- **Task description**
Only the pictures are dropped. Restate each line below word for word.

- **Supplied information**
· · · ·

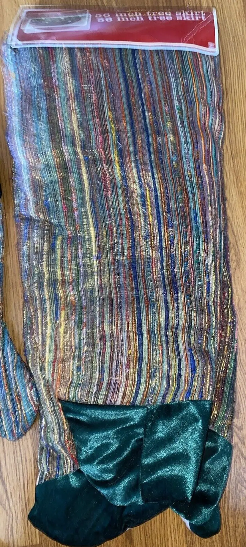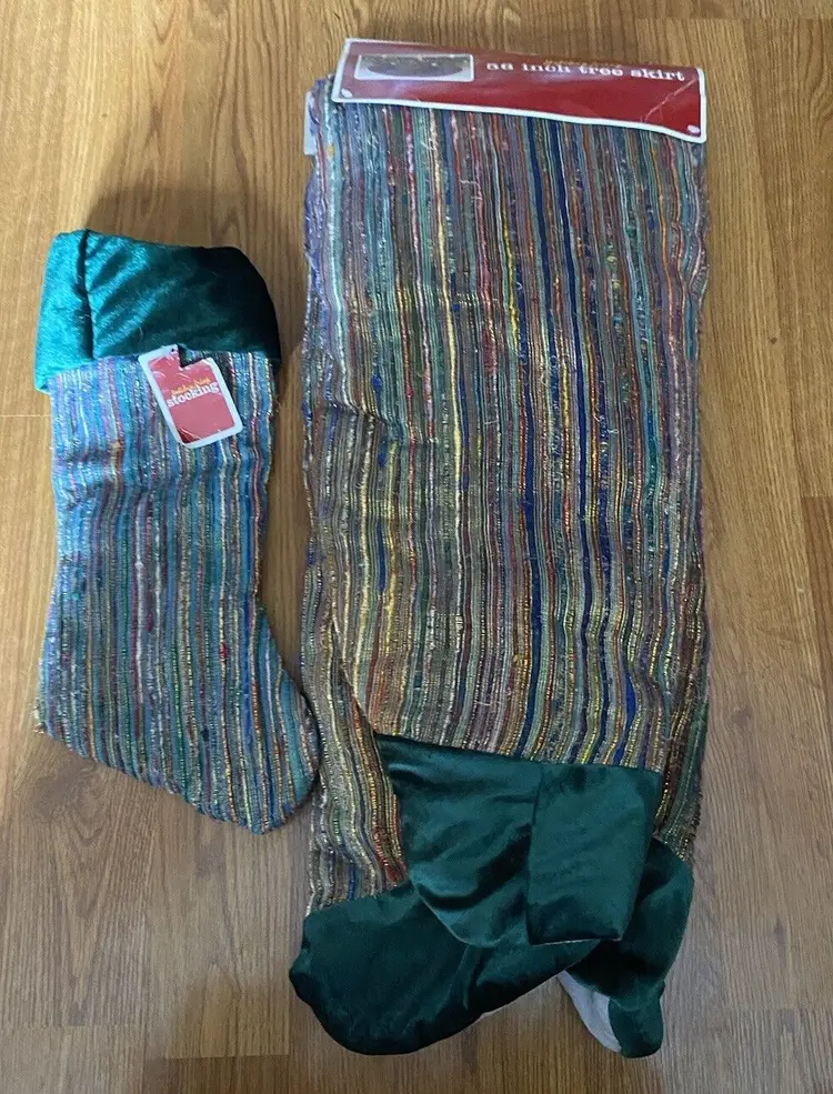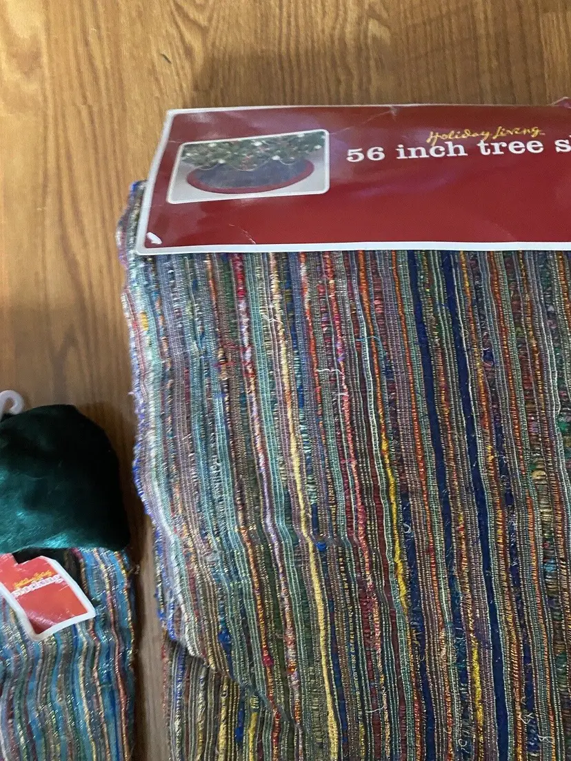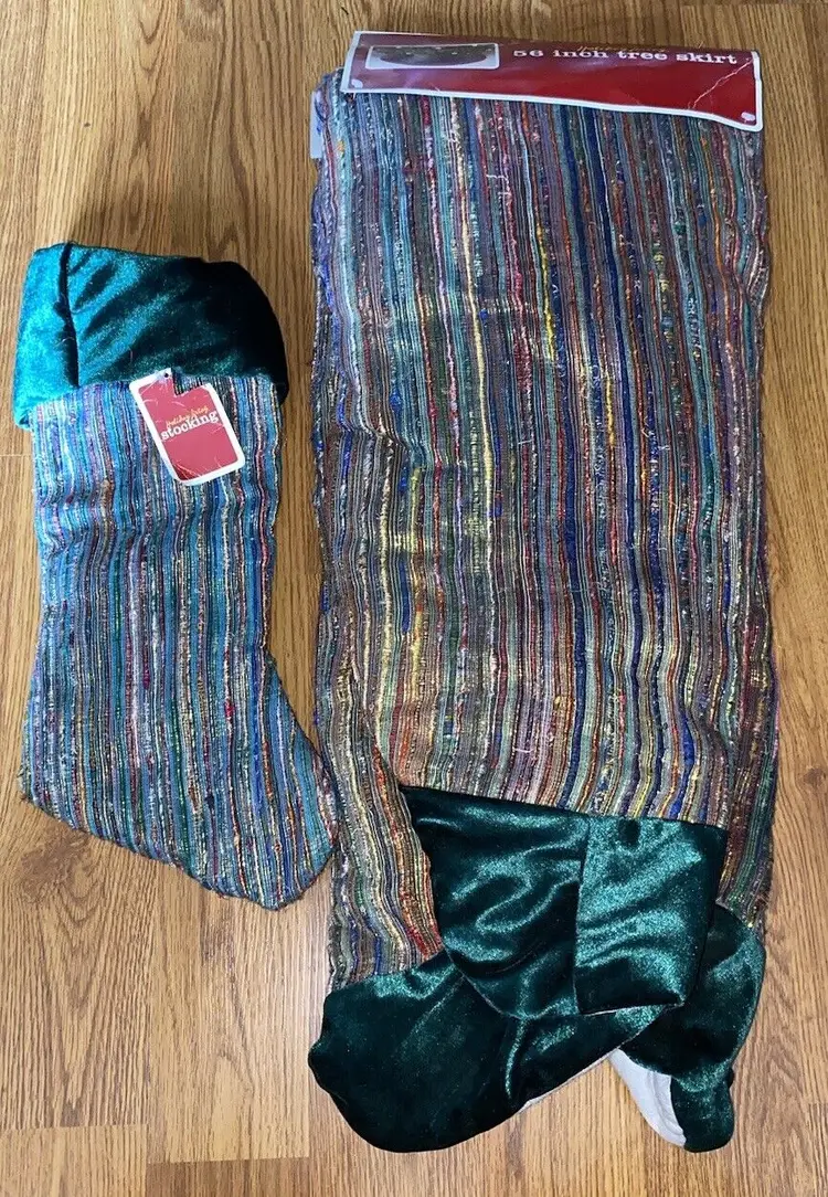 Pattern: Striped Shape: Round Occasion: Christmas Size: Large Color: Multicolor Set Includes: Tree Skirt Material: Polyester, Velvet Year Manufactured: 2002 Item Length: 56” Brand: Santas Best Personalize: No Type: Tree Skirt Theme: Holiday Number of Items: 1
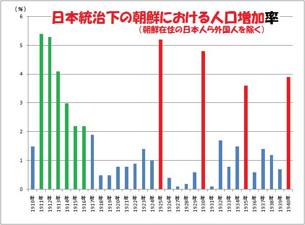 韓国併合の直後の増加率が高いのは分かったけど、その後もなぜか高い年があるわね?(赤の棒グラフ)
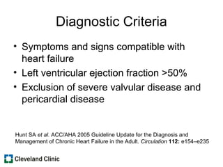 The document discusses evidence-based management of heart failure with preserved ejection fraction (HFpEF), detailing diagnostic criteria, pathophysiology, and epidemiology. It highlights the complexity of HFpEF, including comorbid conditions and non-diastolic mechanisms, and emphasizes the importance of proper diagnosis and treatment approaches. Ongoing clinical trials and various treatment strategies, including the use of traditional heart failure medications, are also mentioned.
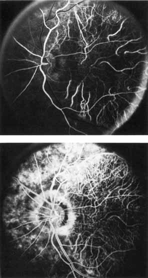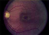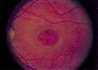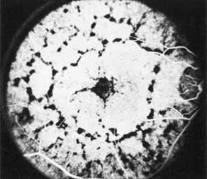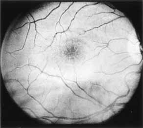 In the early stages of the dystrophy, the optic disc, retinal vessels, and peripheral retina are usually normal. The patient may have a visual acuity of 20/200 and normal color vision by standard testing and, yet, generalized cone dysfunction can be demonstrated by color field testing. In the late stages, there may be temporal optic disc pallor, attenuation of the retinal arterioles, and granular or bone spicule peripheral retinal pigmentary changes. Not infrequently, the peripheral pigmentary abnormalities may be regional. This probably reflects regional rod involvement, as evidenced by ERG, which may demonstrate a reduction in amplitude without a change in latency of the rod responses.72,80 At this stage, contracted peripheral fields may be found on both white and color target testing. No medical treatment is available. The prognosis for vision is guarded and poorer than for the other cone dystrophies because both cone and rod function is impaired in the macula and retinal periphery. Accordingly, central vision is decreased and color vision impaired in association with contraction of the peripheral visual fields. As the dystrophy progresses, vision may decrease to the 20/400 level or less and may also be accompanied by contracted peripheral fields and a total color defect. Patients with poor central vision should be referred to low visual aids. Severe photophobia in adults and children has been reduced with the use of appropriately tinted spectacles or contacts. The tint will often depend on the dystrophy as some patients with relatively well-preserved color vision require neutral tints and other more severely affected patients require red tints similar to those in rod monochromats. Miotic drops have been used in some patients with severe photophobia but are not generally well tolerated or advised. Ancillary Tests Fluorescein angiography demonstrates increased transmission of choroidal fluorescence in the macula during early phases of the study, without late leakage of dye or fluorescein staining. In addition, an annular pattern of hyperfluorescence is often seen in the macula, highlighting the bull's-eye pattern seen on fundus examination (Fig. 4). Visual field defects include central scotoma, peripheral field loss, and ring scotoma.

· · · ·

- **Response to the task**
 Pattern: Striped Shape: Round Occasion: Christmas Size: Large Color: Multicolor Set Includes: Tree Skirt Material: Polyester, Velvet Year Manufactured: 2002 Item Length: 56” Brand: Santas Best Personalize: No Type: Tree Skirt Theme: Holiday Number of Items: 1
 韓国併合の直後の増加率が高いのは分かったけど、その後もなぜか高い年があるわね?(赤の棒グラフ)
 The document discusses evidence-based management of heart failure with preserved ejection fraction (HFpEF), detailing diagnostic criteria, pathophysiology, and epidemiology. It highlights the complexity of HFpEF, including comorbid conditions and non-diastolic mechanisms, and emphasizes the importance of proper diagnosis and treatment approaches. Ongoing clinical trials and various treatment strategies, including the use of traditional heart failure medications, are also mentioned.
 In the early stages of the dystrophy, the optic disc, retinal vessels, and peripheral retina are usually normal. The patient may have a visual acuity of 20/200 and normal color vision by standard testing and, yet, generalized cone dysfunction can be demonstrated by color field testing. In the late stages, there may be temporal optic disc pallor, attenuation of the retinal arterioles, and granular or bone spicule peripheral retinal pigmentary changes. Not infrequently, the peripheral pigmentary abnormalities may be regional. This probably reflects regional rod involvement, as evidenced by ERG, which may demonstrate a reduction in amplitude without a change in latency of the rod responses.72,80 At this stage, contracted peripheral fields may be found on both white and color target testing. No medical treatment is available. The prognosis for vision is guarded and poorer than for the other cone dystrophies because both cone and rod function is impaired in the macula and retinal periphery. Accordingly, central vision is decreased and color vision impaired in association with contraction of the peripheral visual fields. As the dystrophy progresses, vision may decrease to the 20/400 level or less and may also be accompanied by contracted peripheral fields and a total color defect. Patients with poor central vision should be referred to low visual aids. Severe photophobia in adults and children has been reduced with the use of appropriately tinted spectacles or contacts. The tint will often depend on the dystrophy as some patients with relatively well-preserved color vision require neutral tints and other more severely affected patients require red tints similar to those in rod monochromats. Miotic drops have been used in some patients with severe photophobia but are not generally well tolerated or advised. Ancillary Tests Fluorescein angiography demonstrates increased transmission of choroidal fluorescence in the macula during early phases of the study, without late leakage of dye or fluorescein staining. In addition, an annular pattern of hyperfluorescence is often seen in the macula, highlighting the bull's-eye pattern seen on fundus examination (Fig. 4). Visual field defects include central scotoma, peripheral field loss, and ring scotoma.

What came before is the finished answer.